An indoor commercial cannabis grow facility.

Image source: Getty Images.

These ancillary pot stocks are inexpensive

However, there are two ancillary pot stocks that are incredibly cheap (both have forward P/E ratios of 18) and might be worth a closer look.

Innovative Industrial Properties

One of the most intriguing ancillary marijuana stocks, and a company I'm personally high on of late (yes, another intended pun), is Innovative Industrial Properties (NYSE:IIPR).

Innovative Industrial Properties is a real estate investment trust (REIT) that acquires facilities for the growing and processing of medical marijuana, then leases these properties out for extended periods of time. In doing so, it structures its leases so it can pass along rental increases and property management fees to ensure that it stays ahead of inflation. Then, many decades down the road, it can sell its properties for a profit, should it choose to do so.

Recently, the company closed on two new purchases, bringing its total assets owned up to eight. As of its most recent quarterly report, which only took into account five properties, it more than doubled its revenue to $2.77 million, while reversing a nearly $600,000 net loss from the year-ago period into a better than $600,000 net profit. Plus, as a REIT, the company is required to pay out a majority of its profits as a dividend in order to avoid being taxed like a normal corporation. That's led to a $0.25-per-quarter dividend, good enough for roughly a 3% annual yield. 

The beauty of this business model is that it involves a lot of predictability. Seven out of its eight leases are for 15 or 15.25 years (the other for 20 years), meaning it'll be easy for investors to forecast revenue and cash flow for any given year. Likewise, the marijuana-REIT model has relatively fixed costs, since it doesn't require too many employees to maintain the company's portfolio of properties.

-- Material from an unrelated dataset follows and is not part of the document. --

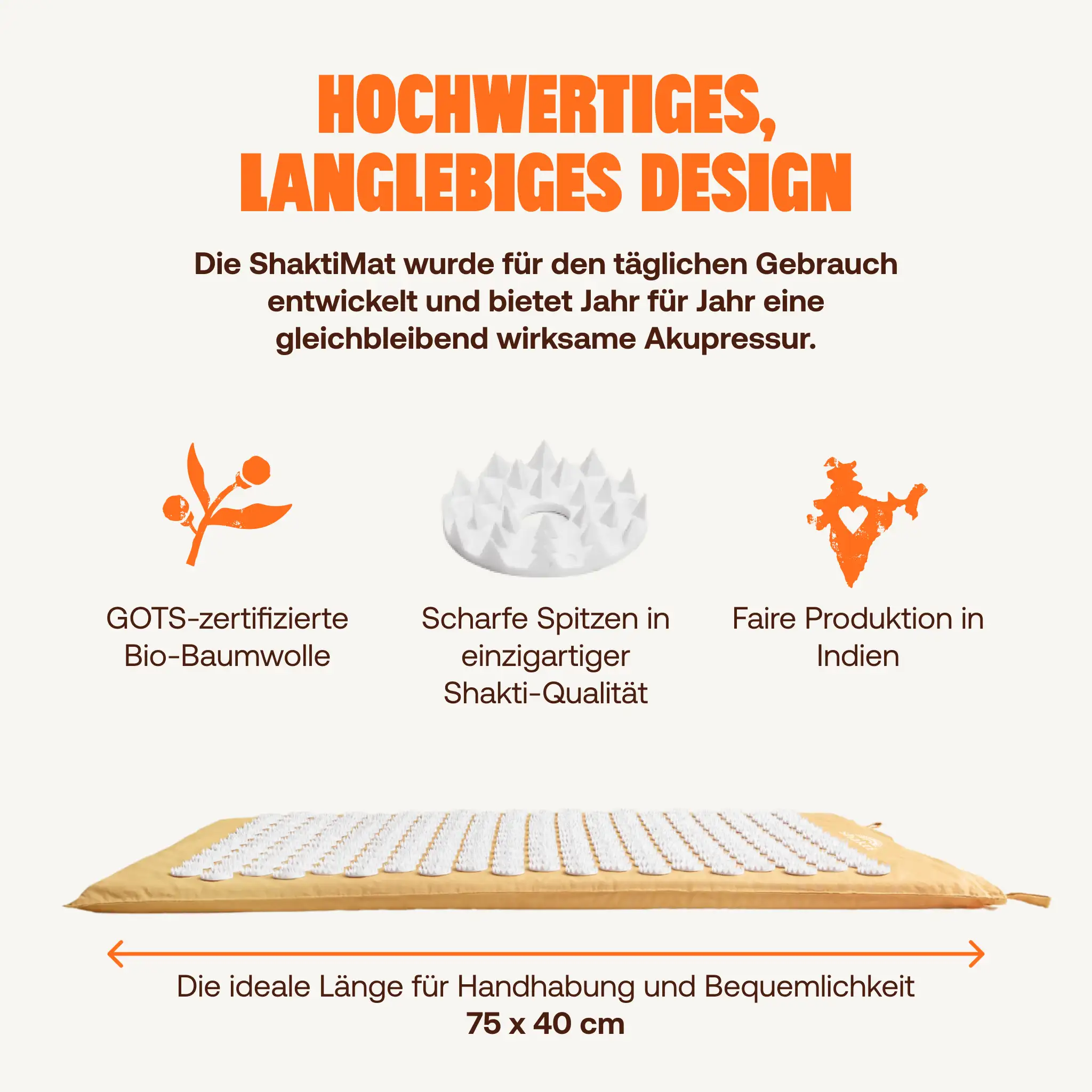 Das Geheimnis sind unsere Signature-Spikes aus ABS-Kunststoff. Genauso hart und spitz wie bei der Original-Matte - der Druck wird durch die höhere Anzahl aber sanfter verteilt. So bietet die Shakti Mat Light eine milde Intensität, die für Akupressur-Neulinge und schmerzempfindliche, sensible Menschen geeignet ist.

That's generally a recipe for long-term profits and success, which is what makes the company's forward P/E ratio of only 18 attractive. 

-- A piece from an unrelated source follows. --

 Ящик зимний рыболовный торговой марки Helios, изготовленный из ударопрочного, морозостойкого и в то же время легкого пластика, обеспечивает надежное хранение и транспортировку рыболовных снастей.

An indoor commercial hydroponic grow facility.

Image source: Getty Images.

Scotts Miracle-Gro

The other ancillary marijuana stock that has a reasonably low forward P/E ratio relative to other cannabis stocks is Scotts Miracle-Gro (NYSE:SMG).

Now, to be clear, whereas Innovative Industrial Properties and direct marijuana players are entirely reliant on the cannabis industry, Scotts Miracle-Gro derived only 11% of total sales from its medical-marijuana-focused subsidiary Hawthorne Gardening Co. in fiscal 2017. That's an important distinction, and one that investors would want to keep in mind when comparing Scotts Miracle-Gro to more of a pure-play weed stock.

In recent months, Scotts' stock has come under fire for two reasons. First, there's been the late start in the U.S. to the lawn and garden season. Even though we're only talking about a business that tends to grow by the low to mid single digits, this traditional industry provided 89% of Scotts' total sales in 2017.

The other issue has been slowing sales at Hawthorne. The main culprit here has been disorganization in California, including delayed licensing and retail application approvals. During the second quarter, sales at Hawthorne, which primarily provides hydroponic solutions (for growing plants in a nutrient-rich water solvent) to the medical cannabis industry, fell by a disappointing 29% from the year-ago period to $41.8 million. 

If there is a positive, it could be the recently completed acquisition of Sunlight Supply in early June. Sunlight Supply complements Hawthorne's existing products perfectly by adding new hydroponic and lighting solutions to its product line. Even with an adjusted negative impact of $0.30 to $0.40 per share on earnings in fiscal 2018, the Sunlight Supply acquisition, coupled with a maturing California cannabis market, should yield healthier growth from Hawthorne in 2019 and beyond. 

Though Scotts Miracle-Gro lacks the incredible top-line growth potential of traditional pot stocks, its forward P/E of 18 could be ripe for the picking.